Scripts without *useful* block comments will be severely penalized.
(See the file script_style.txt for a description of good comment style.)

------------------
Hand in directory:
------------------

Completed scripts must have permissions "read-write-execute-only" for you,
"read-only" permissions for group, no permissions for other people.

The following directory is ready to receive your completed scripts:

    ~alleni/cst/assignment02-B/xxxxnnnn/

where xxxxnnnn is your Algonquin userid (e.g. abcd0001).

When you have completed a script, copy it into the above directory:

    cp myscript.sh ~alleni/cst/assignment02-B/xxxxnnnn/myscript.sh

Replace "myscript.sh" with the actual script name (given below).
Files with the wrong name or wrong Unix permissions will be penalized.

--------------------
Write these scripts:
--------------------

--) Write this executable script named "3B_header_validator.sh" (7 marks)

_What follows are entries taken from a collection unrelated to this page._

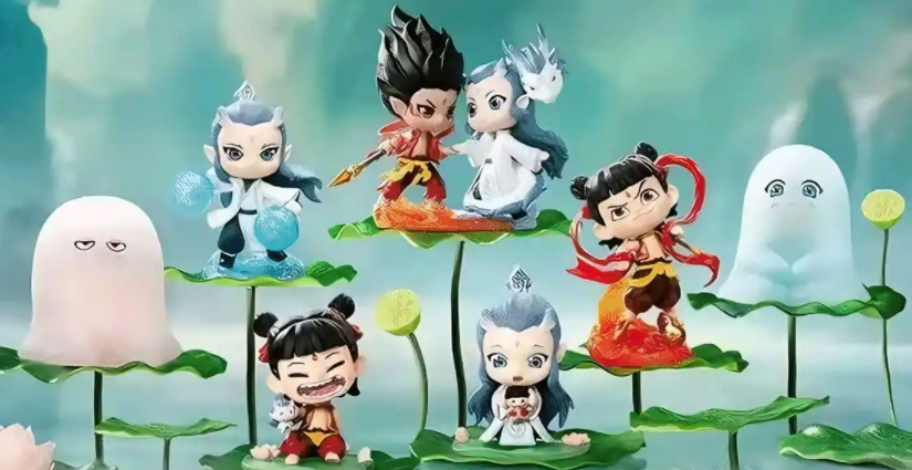 《哪吒2》爆火的同时,片方与泡泡玛特、万代、灵动创想等开发的盲盒周边等衍生品,短短几天内销售量便突破2亿元。其中,泡泡玛特的“天生羁绊系列”隐藏款,在闲鱼等交易平台被标价800元以上,但在泡泡玛特,其价格不过69元,溢价超过10倍,仍然有价无市,观众对《哪吒2》的喜爱程度,由此可见一斑。
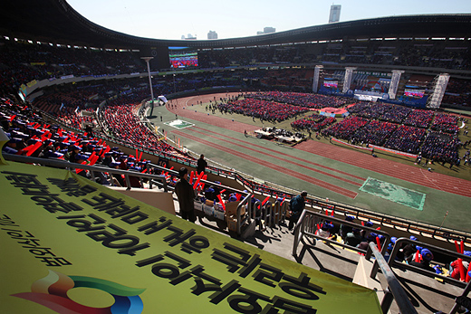 | ▲지난 18일 잠실 주경기장에 모인 전국의 외식업체 관계자들이 카드수수료율 인하를 요구하고 있다. 카드수수료율 문제는, 어쩌면 FTA에 비하면 '소소한' 문제일지도 모른다. ⓒ프레시안(최형락) |
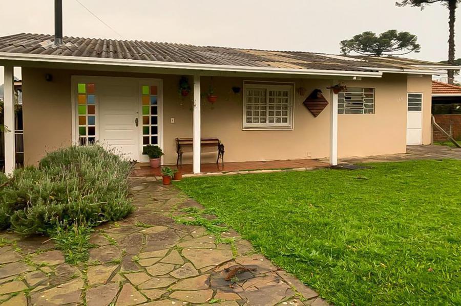 Corretor Gramado e Canela vende: Casa com 3 quartos, sendo 1 suíte, lavabo, cozinha, vaga de garagem, quiosque com lavanderia e banheiro, sala de estar com lareira. Terreno grande e plano, localizada em bairro residencial próximo ao Centro de Canela.
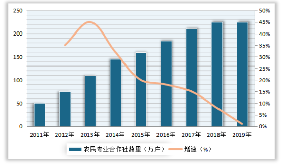 2019年我国农民专业合作社数量约为225万户,同比增长1%。
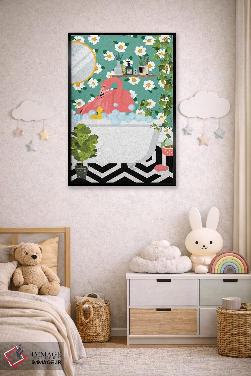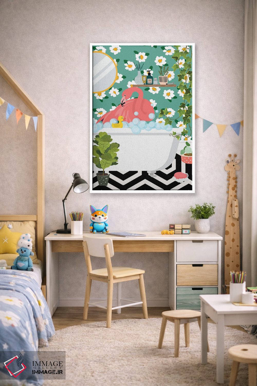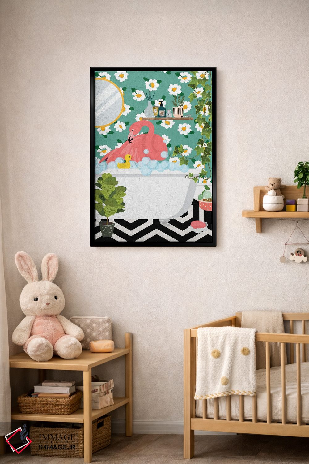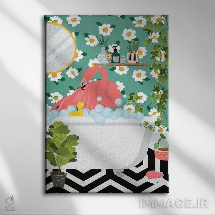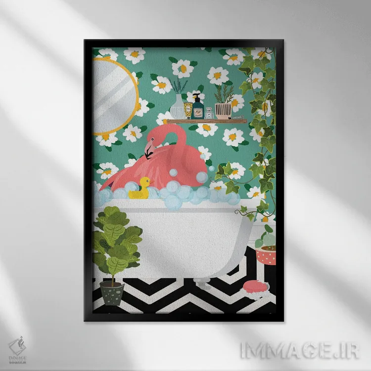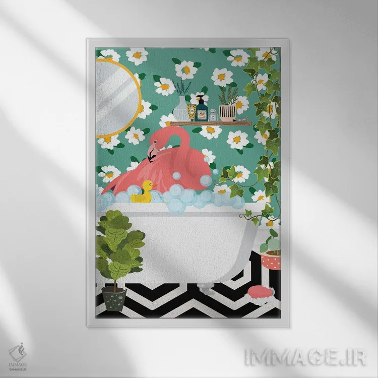 در «فلامینگو در حال حمام گرفتن در حمام جنگلی من» اثرِ «ژانیا شاریپژانوا»، حضور حیوانات به دیوار، انرژیِ نرم و زنده میدهد؛ برای خانههایی با چوب و پارچههای گرم انتخابی خوشسلیقه است. در کنار گیاهان و نور طبیعی، جذابتر هم میشود.

    Syntax:    $0 [ pathname ]

    Purpose: Write a script to validate some aspects of a properly-written
    email message.  The script you write will expect exactly one
    command-line pathname argument that will be a mail message file
    to process.  Prompt for and read the argument if it is missing.
    Print an error message and exit with status 2 if there is more than
    one argument given on the command line.

    Check (validate) the pathname argument before trying to read
    and process it; if the pathname is not a non-empty, readable,
    not-executable, plain file, issue an error message and exit the
    script with status 1.  Do not process a bad pathname.

    Perform a series of tests on this file, as specified below.  Write
    shell functions to perform each test.  (An example is given below.)

    Each shell function should take an argument that is the file pathname
    of the mail message that is to be tested.  If the test fails, the
    function will print an error message and return a non-zero status.
    (Do not exit the script!)  Each function must return status 0 if
    its particular test succeeds and non-zero otherwise.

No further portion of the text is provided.